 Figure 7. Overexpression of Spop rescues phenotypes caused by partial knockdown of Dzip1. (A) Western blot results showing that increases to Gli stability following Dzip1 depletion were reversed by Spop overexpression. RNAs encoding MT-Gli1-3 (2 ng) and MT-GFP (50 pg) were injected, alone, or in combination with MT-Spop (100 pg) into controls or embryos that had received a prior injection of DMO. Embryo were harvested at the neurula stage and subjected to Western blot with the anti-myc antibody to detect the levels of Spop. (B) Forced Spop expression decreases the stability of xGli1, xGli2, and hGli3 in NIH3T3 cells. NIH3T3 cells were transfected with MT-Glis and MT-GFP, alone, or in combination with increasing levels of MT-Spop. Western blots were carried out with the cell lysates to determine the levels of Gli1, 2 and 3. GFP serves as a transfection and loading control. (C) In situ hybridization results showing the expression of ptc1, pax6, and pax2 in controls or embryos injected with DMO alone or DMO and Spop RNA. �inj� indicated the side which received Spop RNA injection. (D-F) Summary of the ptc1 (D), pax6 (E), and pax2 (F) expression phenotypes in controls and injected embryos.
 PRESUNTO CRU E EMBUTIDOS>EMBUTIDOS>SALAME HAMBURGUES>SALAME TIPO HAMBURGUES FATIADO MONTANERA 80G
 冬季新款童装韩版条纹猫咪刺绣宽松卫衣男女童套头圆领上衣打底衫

...

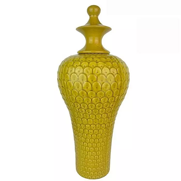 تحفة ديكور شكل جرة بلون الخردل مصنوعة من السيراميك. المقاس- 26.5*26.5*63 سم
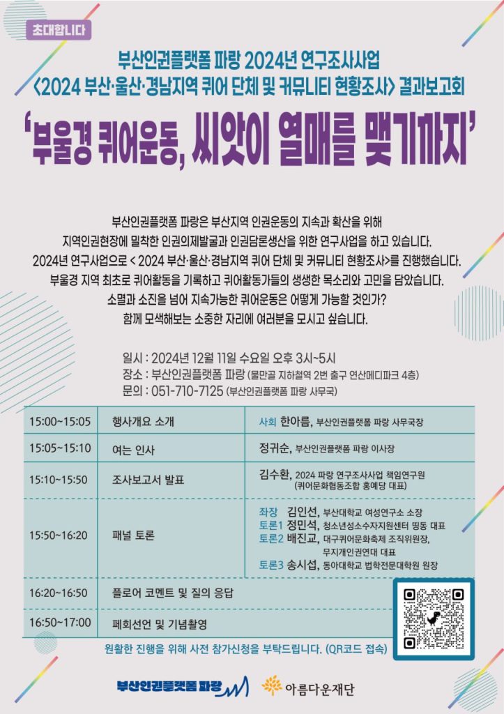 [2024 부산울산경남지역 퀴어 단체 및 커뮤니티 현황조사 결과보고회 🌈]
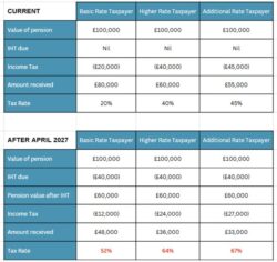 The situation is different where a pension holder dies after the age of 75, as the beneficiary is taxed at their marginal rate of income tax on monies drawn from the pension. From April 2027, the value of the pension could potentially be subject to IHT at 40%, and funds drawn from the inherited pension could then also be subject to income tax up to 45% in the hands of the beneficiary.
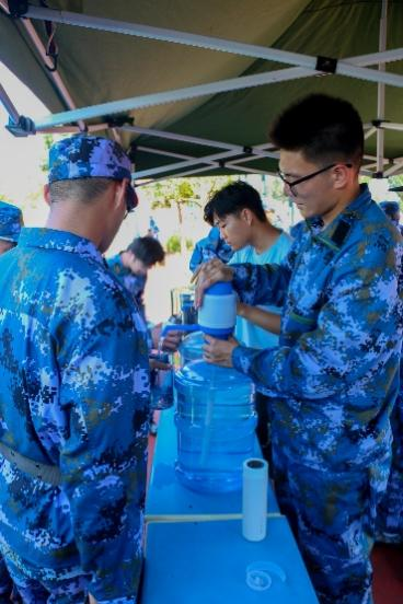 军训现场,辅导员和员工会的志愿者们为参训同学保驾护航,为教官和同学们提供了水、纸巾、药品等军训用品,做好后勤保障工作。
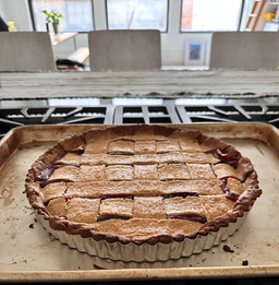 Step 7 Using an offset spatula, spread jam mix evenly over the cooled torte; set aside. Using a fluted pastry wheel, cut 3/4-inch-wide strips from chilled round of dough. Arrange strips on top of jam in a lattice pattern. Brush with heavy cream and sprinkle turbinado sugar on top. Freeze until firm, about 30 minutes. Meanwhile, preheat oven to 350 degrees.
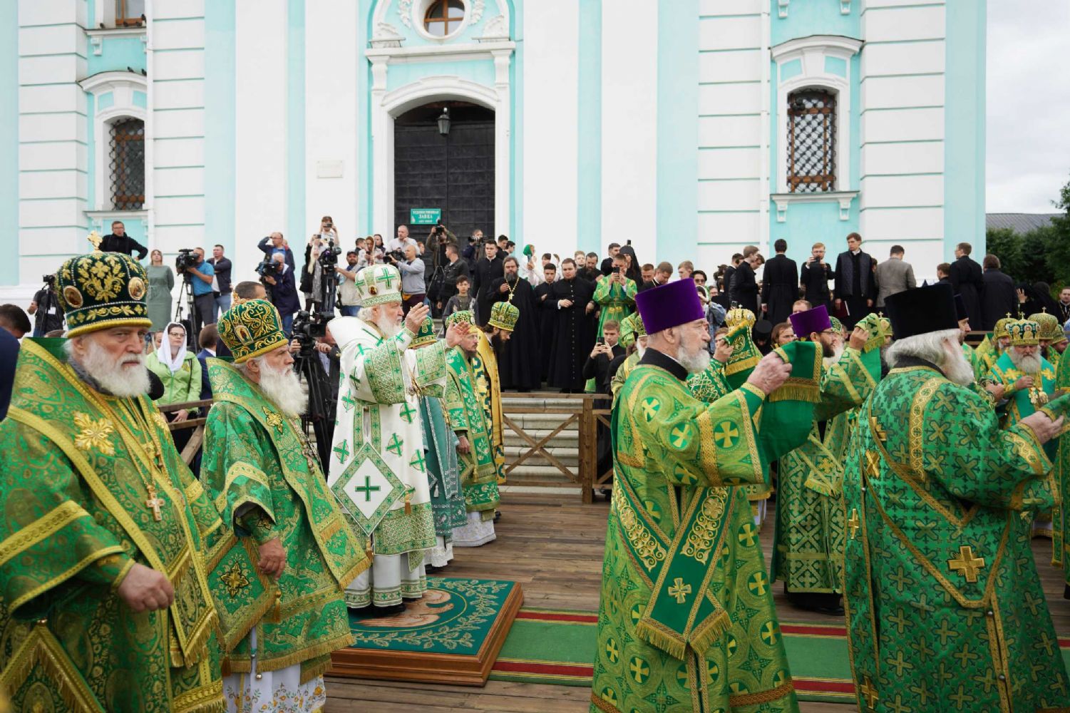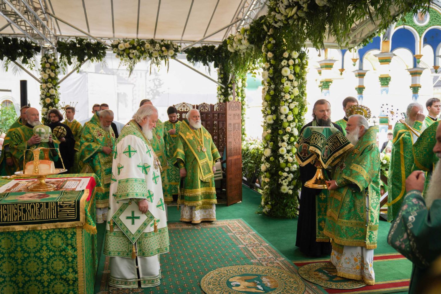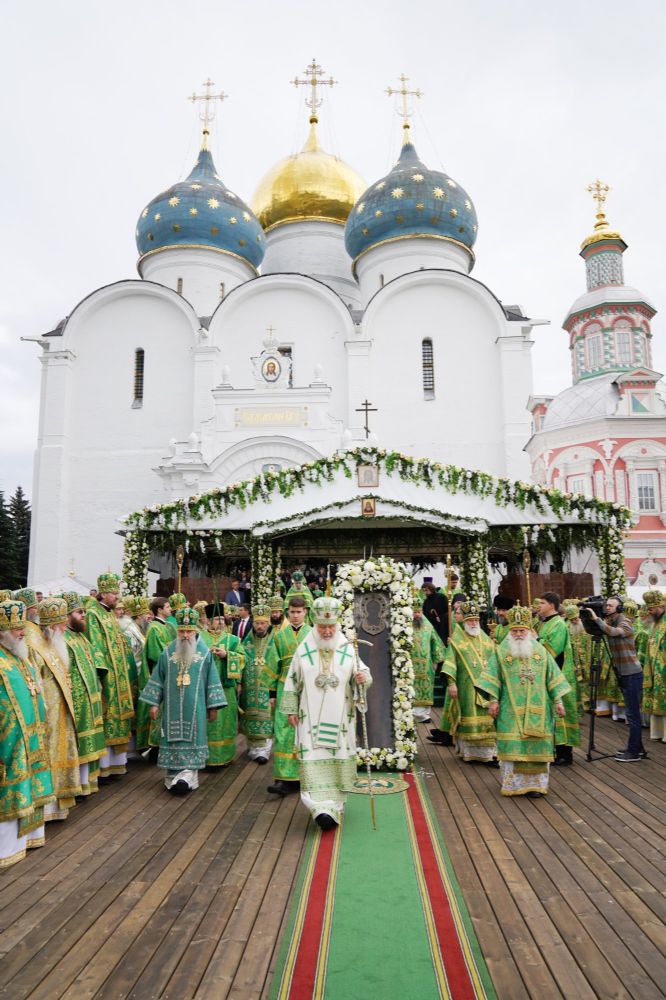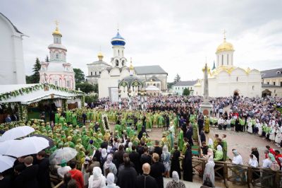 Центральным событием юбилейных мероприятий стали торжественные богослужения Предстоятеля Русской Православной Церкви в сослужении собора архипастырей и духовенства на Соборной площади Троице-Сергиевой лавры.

### Work instruction
Everything above from the line containing "تحفة ديكور شكل" down to the line containing "Центральным событием юбилейных" is to be duplicated exactly, both lines included, and the pictures are to be omitted.

### Response area
 تحفة ديكور شكل جرة بلون الخردل مصنوعة من السيراميك. المقاس- 26.5*26.5*63 سم
 [2024 부산울산경남지역 퀴어 단체 및 커뮤니티 현황조사 결과보고회 🌈]
 The situation is different where a pension holder dies after the age of 75, as the beneficiary is taxed at their marginal rate of income tax on monies drawn from the pension. From April 2027, the value of the pension could potentially be subject to IHT at 40%, and funds drawn from the inherited pension could then also be subject to income tax up to 45% in the hands of the beneficiary.
 军训现场,辅导员和员工会的志愿者们为参训同学保驾护航,为教官和同学们提供了水、纸巾、药品等军训用品,做好后勤保障工作。
 Step 7 Using an offset spatula, spread jam mix evenly over the cooled torte; set aside. Using a fluted pastry wheel, cut 3/4-inch-wide strips from chilled round of dough. Arrange strips on top of jam in a lattice pattern. Brush with heavy cream and sprinkle turbinado sugar on top. Freeze until firm, about 30 minutes. Meanwhile, preheat oven to 350 degrees.
 Центральным событием юбилейных мероприятий стали торжественные богослужения Предстоятеля Русской Православной Церкви в сослужении собора архипастырей и духовенства на Соборной площади Троице-Сергиевой лавры.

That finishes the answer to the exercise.